Warm Dry Healthy Homes in Horowhenua-Kapiti

When you consider that we spend nearly 22 hours of every day inside, it is little wonder that housing is such an important determinant of our health and well being.

That is why Contact Energy, the Energy Efficiency Conservation Authority (EECA), Electra, Mid Central District Health Board and the Capital and Coast District Health Board have formed a community partnership to give 75 homes in the Horowhenua-Kapiti region a healthy home makeover.

Ceiling insulation, hot water cylinder wraps and weather-proofed doors are just some of the changes that residents can expect to be made to their households to make their homes warmer and dryer and more energy efficient.
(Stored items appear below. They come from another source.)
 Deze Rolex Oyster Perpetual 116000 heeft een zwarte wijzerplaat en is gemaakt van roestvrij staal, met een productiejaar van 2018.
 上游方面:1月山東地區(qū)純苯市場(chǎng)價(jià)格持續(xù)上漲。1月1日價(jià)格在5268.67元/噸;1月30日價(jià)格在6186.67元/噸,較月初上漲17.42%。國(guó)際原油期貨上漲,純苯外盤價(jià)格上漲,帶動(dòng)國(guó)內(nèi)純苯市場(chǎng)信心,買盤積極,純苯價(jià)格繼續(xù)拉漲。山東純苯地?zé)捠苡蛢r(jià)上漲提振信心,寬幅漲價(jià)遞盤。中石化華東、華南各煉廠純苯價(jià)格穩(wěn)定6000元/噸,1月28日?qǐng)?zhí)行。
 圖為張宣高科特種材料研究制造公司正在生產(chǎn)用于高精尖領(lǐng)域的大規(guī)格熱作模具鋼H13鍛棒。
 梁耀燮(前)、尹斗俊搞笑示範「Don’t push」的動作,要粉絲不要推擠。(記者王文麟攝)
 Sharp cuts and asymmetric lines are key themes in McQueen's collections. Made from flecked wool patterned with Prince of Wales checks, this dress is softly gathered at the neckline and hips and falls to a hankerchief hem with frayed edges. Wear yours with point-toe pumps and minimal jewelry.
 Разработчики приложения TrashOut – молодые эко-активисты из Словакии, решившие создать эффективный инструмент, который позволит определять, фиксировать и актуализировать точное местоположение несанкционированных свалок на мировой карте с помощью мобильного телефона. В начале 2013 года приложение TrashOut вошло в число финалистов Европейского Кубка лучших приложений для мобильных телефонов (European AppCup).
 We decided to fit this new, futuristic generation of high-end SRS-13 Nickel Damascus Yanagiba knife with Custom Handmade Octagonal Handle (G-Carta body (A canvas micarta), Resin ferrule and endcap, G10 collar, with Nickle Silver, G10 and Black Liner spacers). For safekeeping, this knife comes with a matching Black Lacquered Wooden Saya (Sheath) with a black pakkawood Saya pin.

Chief Executive of EECA Heather Staley said that the retrofitting would make a real difference to people’s lives, particularly those suffering from asthma or respiratory conditions.
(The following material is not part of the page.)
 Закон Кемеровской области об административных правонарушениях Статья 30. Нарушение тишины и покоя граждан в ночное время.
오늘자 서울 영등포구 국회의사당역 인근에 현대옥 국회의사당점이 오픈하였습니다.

“We are very pleased to be part of a project that provides such positive, long lasting benefits to the community.

“By improving the insulation and energy efficiency of homes there are real benefits in lower energy costs and reduced illness,” said Ms Staley

Contact Energy chief executive David Hunt said his company was proud to support the scheme as part of Contact Energy Healthy Homes.

“This initiative is all about improving the health and well being of the people in these areas.

“There is growing evidence of the link between health and the conditions of our homes. A warm, dry, pollution-free home is a healthy home,” said Mr Hunt.

The healthy home makeovers are valued at approximately $2,000 each, based on an average sized home of 100 square metres. Each includes ceiling and under-floor insulation, draught excluders, hot water cylinder wraps, hot water pipe insulation and energy efficient light bulbs.

Recent research by the Wellington School of Medicine Housing and Health and Research Programme, of which contact is a corporate sponsor, found that people living in insulated homes experienced fewer visits to the doctor, fewer admissions to the hospital for asthmatic or respiratory conditions and fewer days off work or school as well as reduced power bills.